A Sweet Way To Lower Your Type 2 Risk

Want to lower your risk for diabetes? Grab a piece of fresh fruit—but steer clear of fruit juice.

Individuals who eat at least two servings a week of whole fruit have a 23 percent lower risk of diabetes when compared with those who get less than one serving a month, according to a study from the Harvard School of Public Health reported in the Huffington Post. The study also found that individuals who consumed one or more servings of juice daily increased their risk of diabetes by up to 21 percent.

"Greater consumption of whole fruits—specifically blueberries, grapes, and apples—is significantly associated with a lower risk of type 2 diabetes, whereas greater consumption of fruit juice is associated with a higher risk," the study authors wrote in the British Medical Journal article.

Diabetes—regardless of the type—means there is too much glucose (sugar) in the blood, which can lead to serious health problems. Type 2, the most common type, can develop at any age and is often preventable.

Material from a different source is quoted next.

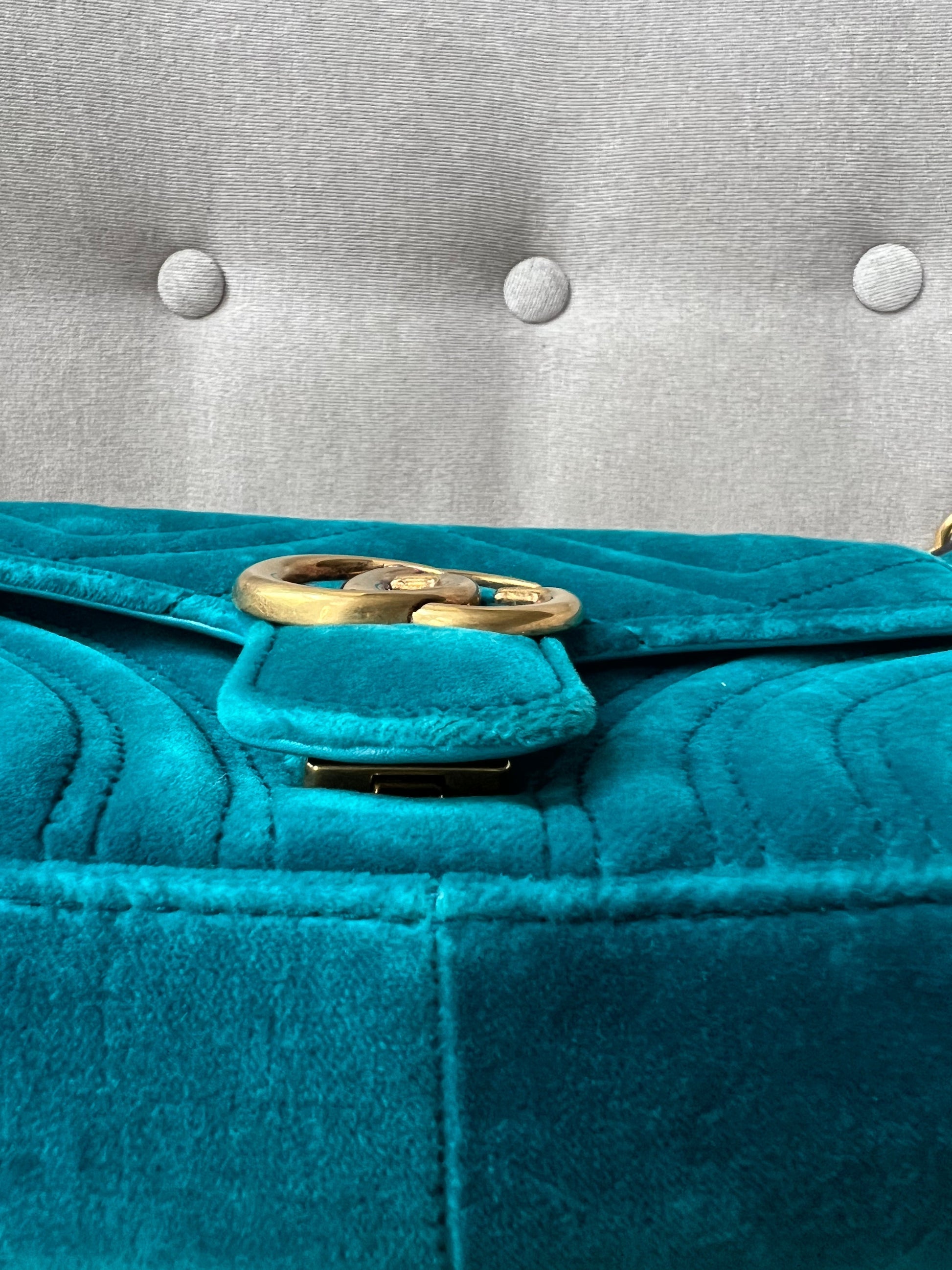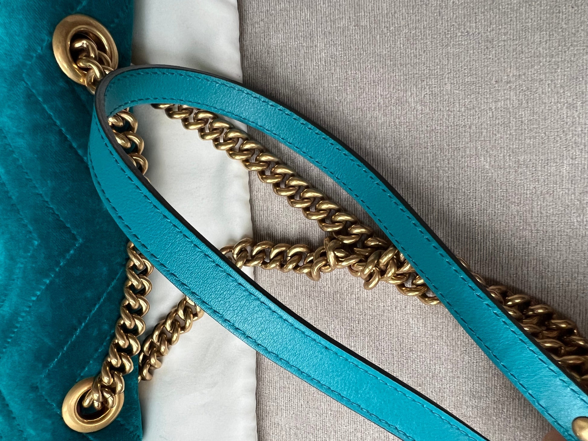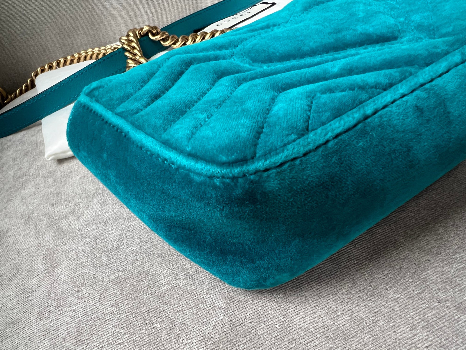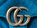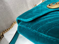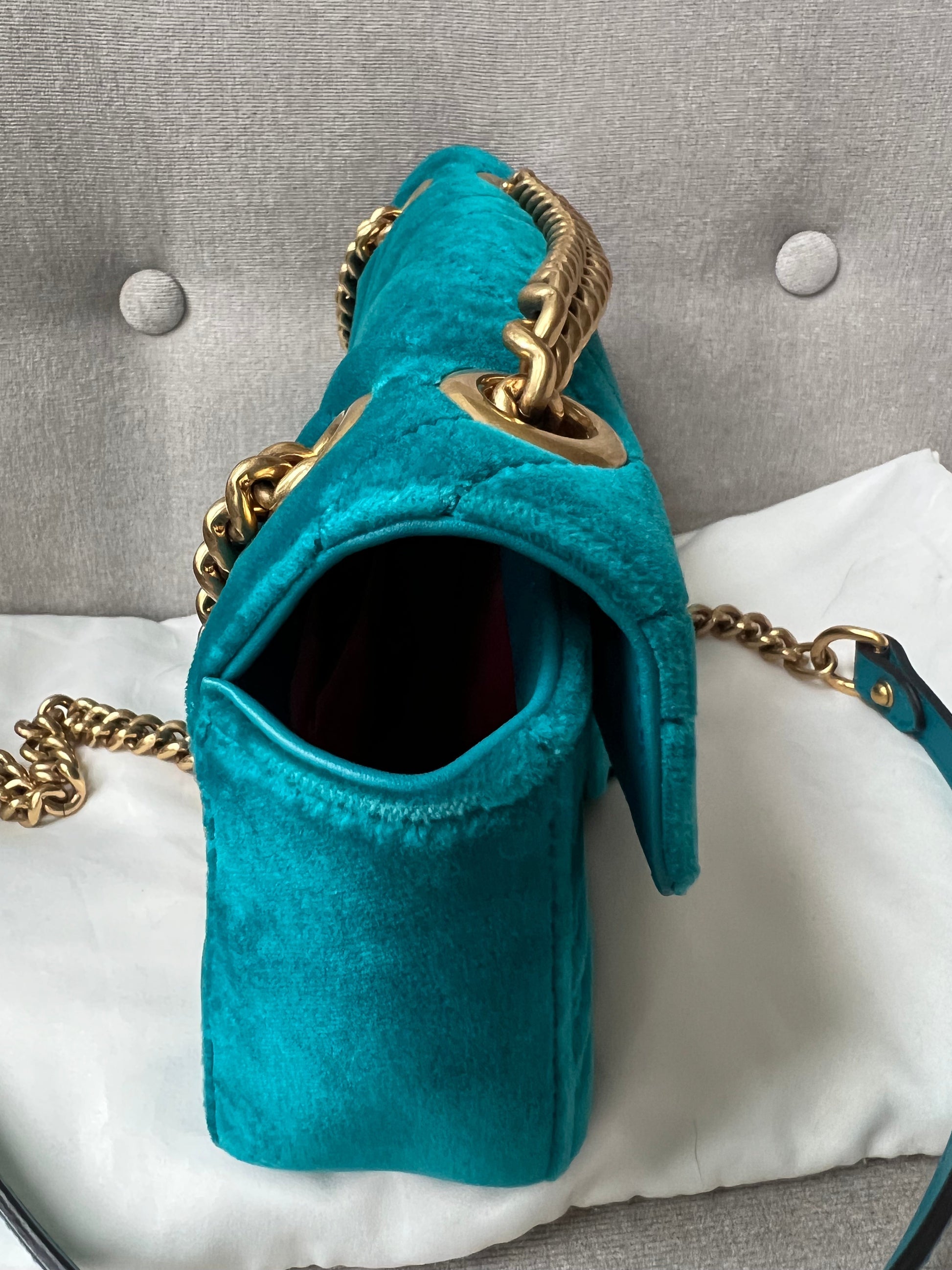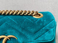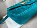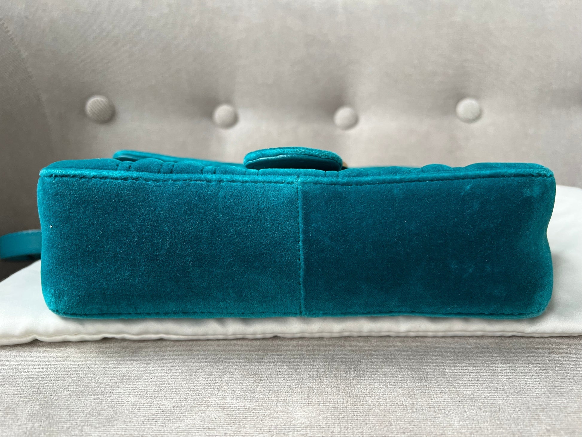 Gucci GG Marmont mini shoulder bag in teal velvet with gold hardware. This small Marmont bag has a softly structured shape and an oversized flap with GG hardware and heart detail on the back. The sliding chain can be multiple ways either doubled up or lengthened. Effortlessly chic and sophisticated, this style can be both with a casual outfit or for evening wear. Suitable for both event or occasion wear and ideal for those who prefer a cross body option.

Here, other good reasons to add more whole fruit to your diet:

  • Fruit is rich in fiber, antioxidants, and phytochemicals. These may have beneficial health effects.
  • Whole fruit makes you feel full, notes Mark Spielmann, RD, LDN, nutrition manager at La Rabida Children's Hospital in Chicago. "But drinking liquids like fruit juice rarely satisfies your hunger," he explains. "This leads you to ingest more calories to satisfy your growling stomach." When a person is overweight, the risk of diabetes increases.
  • Whole fruit has another health benefit over juice, Spielmann says. Besides quelling hunger, it can lower cholesterol. "But fruit juice has no fiber and may have added white sugar, which can raise cholesterol," he says.
  • The antioxidants that are found in whole fruit (which may help prevent various forms of cancer) are much lower in fruit juice. "Between the fiber and the antioxidants, all the good stuff gets thrown out when juice is made," Spielmann explains.
  • Since whole fruit contains pulp, it doesn't cause such as rapid a rise in the blood sugar as does fruit juice, explains Spyros Mezitis, MD, MPH, of Lenox Hill Hospital in New York City. When there is less of a blood sugar surge, your pancreas doesn't have to produce as much insulin, he says. "The risk is that when your system has to keep pumping out more and more insulin to deal with all the sugar, after awhile the pancreas can peter out and get tired of working," the doctor says. When this happens over time, you're more likely to develop insulin resistance, which can ultimately lead to diabetes.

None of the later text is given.